*** SOURCE DATA Section Begins ***
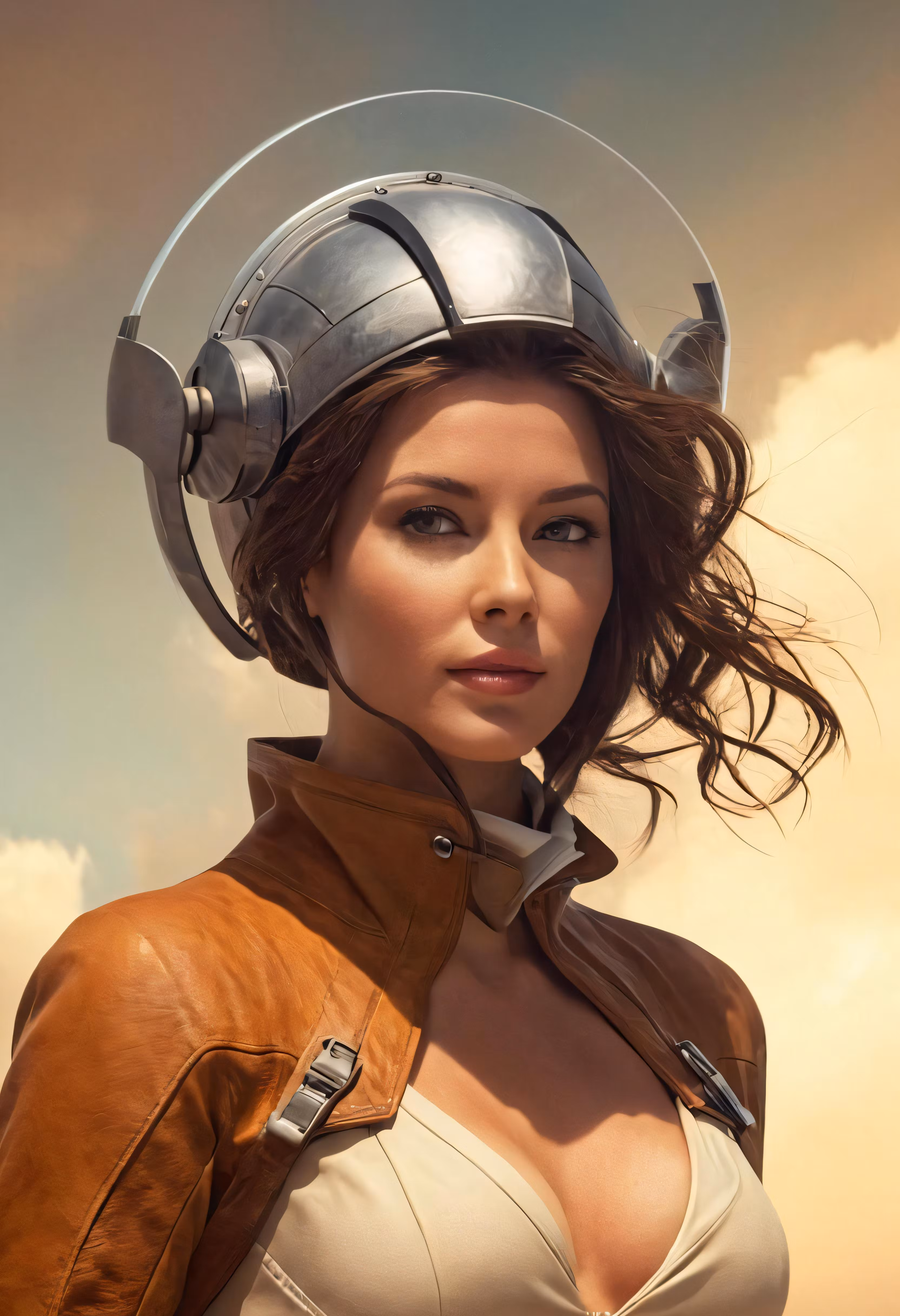 High resolution picture, free to use, a woman wearing a helmet with a metal body
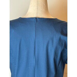 This dress from Universal Standard is in excellent condition. It is in solid blue color. A dropped ruffled waist adds to the everyday playfulness of this light and comfy stretch-poplin frock with notched sleeves and flattering darts. It features; hidden back-zipper closure, crew neckline, Short sleeves, drop waist, ruffled hem, mini length and is unlined. It is crafted from 65% cotton, 31% nylon and 4% spandex.
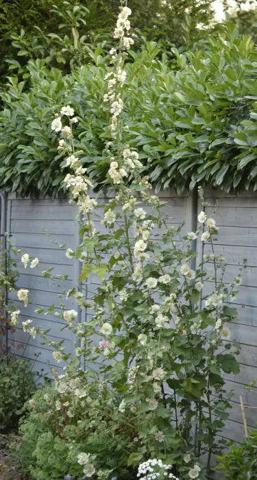 Het is een langlevende, struikachtige plant met halfgevulde bloemen, ivoorwit tot bleekgeel met een beetje oranje in het hart.
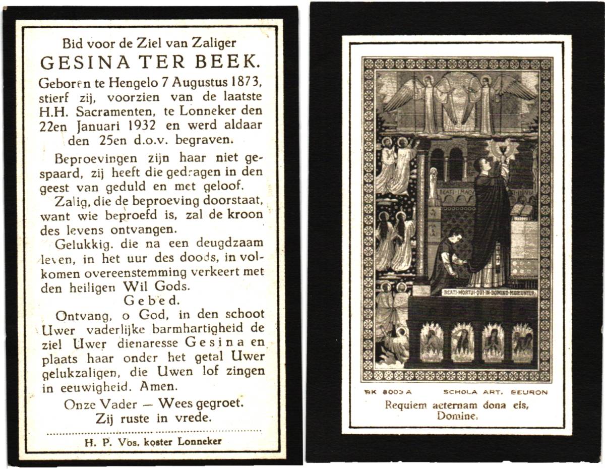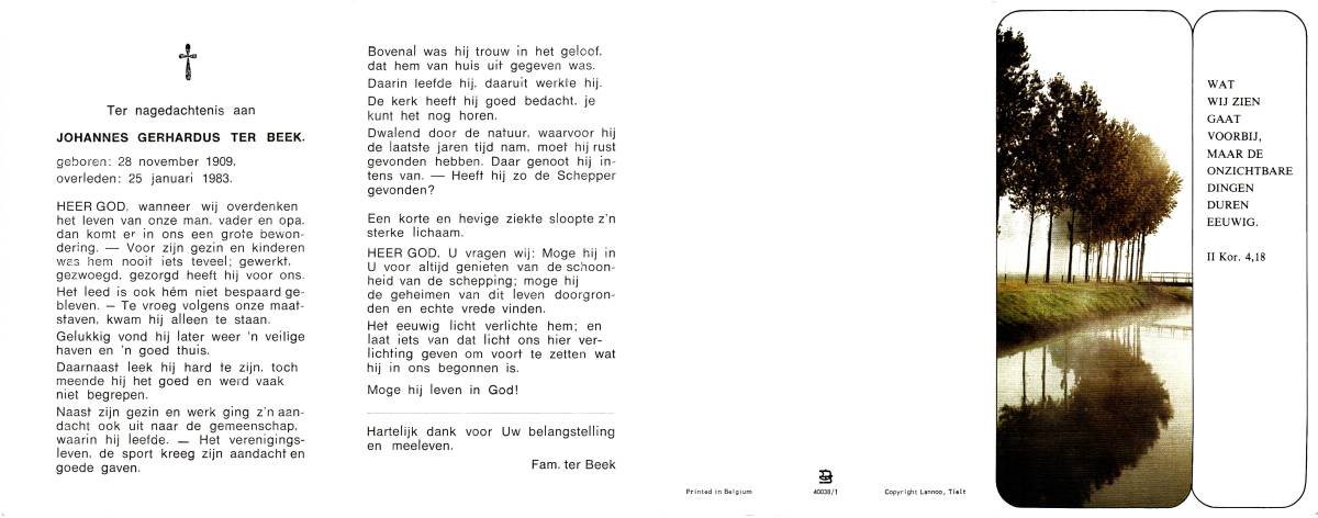 BEEK, ter, Gerhardus Johannes, geboren op 26-07-1878 te Losser, overleden op 26-3-1962 te Losser op 83-jarige leeftijd, begraven op 29-3-1962 te Losser.
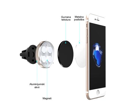 Drzac - mobilni telefon magnetni ROHS C9 srebrni (ventilacija) (MS)
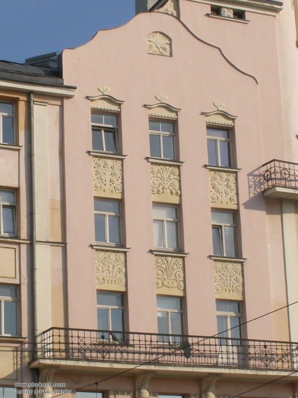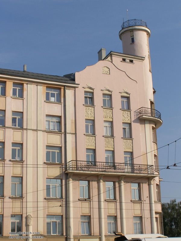 Шестиповерховий прибутковий будинок зведений у 1911 році за проектом архітекторів Ейжена Лаубе і Августа Мальвесса. Перший поверх відданий під крамниці і офіси. Фасад будинку прикрашають рельєфні вставки з рослинними мотивами, а його роги – декоративні вежі. Пам’ятка архітектури національного значення.
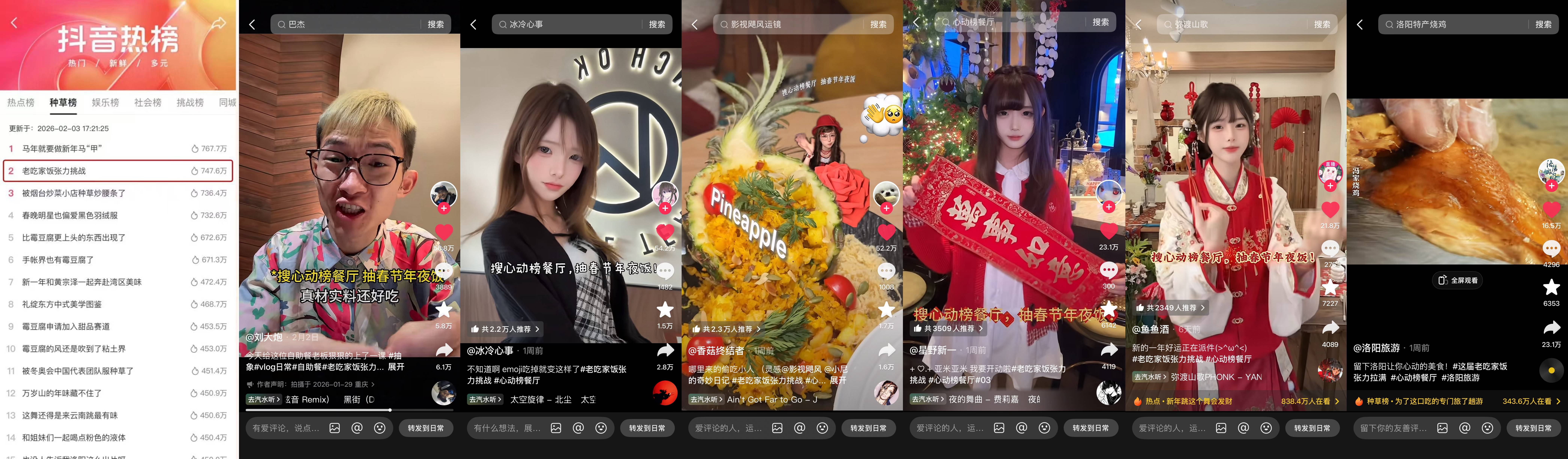 如今,年轻人对一个“吃货”最大的赞美,是“此人吃商应该在我之上”的极致肯定。作为“老吃家”的一员,年夜饭不正是“修炼吃商”的最佳时机?抖音生活服务心动榜餐厅在年底新春团圆聚餐之际,在抖音发起 #老吃家饭张力挑战 话题4天反复上榜4次,最高登榜抖音种草榜TOP2,引发全国文旅账号与各垂类达人踊跃参与,掀起了一波年味美食回顾热潮。
*** SOURCE DATA Section Ends ***
### TASK GOAL
Omit pictures and output the listing exactly.

### REPLY TO THE EXERCISE
 High resolution picture, free to use, a woman wearing a helmet with a metal body
 This dress from Universal Standard is in excellent condition. It is in solid blue color. A dropped ruffled waist adds to the everyday playfulness of this light and comfy stretch-poplin frock with notched sleeves and flattering darts. It features; hidden back-zipper closure, crew neckline, Short sleeves, drop waist, ruffled hem, mini length and is unlined. It is crafted from 65% cotton, 31% nylon and 4% spandex.
 Het is een langlevende, struikachtige plant met halfgevulde bloemen, ivoorwit tot bleekgeel met een beetje oranje in het hart.
 BEEK, ter, Gerhardus Johannes, geboren op 26-07-1878 te Losser, overleden op 26-3-1962 te Losser op 83-jarige leeftijd, begraven op 29-3-1962 te Losser.
 Drzac - mobilni telefon magnetni ROHS C9 srebrni (ventilacija) (MS)
 Шестиповерховий прибутковий будинок зведений у 1911 році за проектом архітекторів Ейжена Лаубе і Августа Мальвесса. Перший поверх відданий під крамниці і офіси. Фасад будинку прикрашають рельєфні вставки з рослинними мотивами, а його роги – декоративні вежі. Пам’ятка архітектури національного значення.
 如今,年轻人对一个“吃货”最大的赞美,是“此人吃商应该在我之上”的极致肯定。作为“老吃家”的一员,年夜饭不正是“修炼吃商”的最佳时机?抖音生活服务心动榜餐厅在年底新春团圆聚餐之际,在抖音发起 #老吃家饭张力挑战 话题4天反复上榜4次,最高登榜抖音种草榜TOP2,引发全国文旅账号与各垂类达人踊跃参与,掀起了一波年味美食回顾热潮。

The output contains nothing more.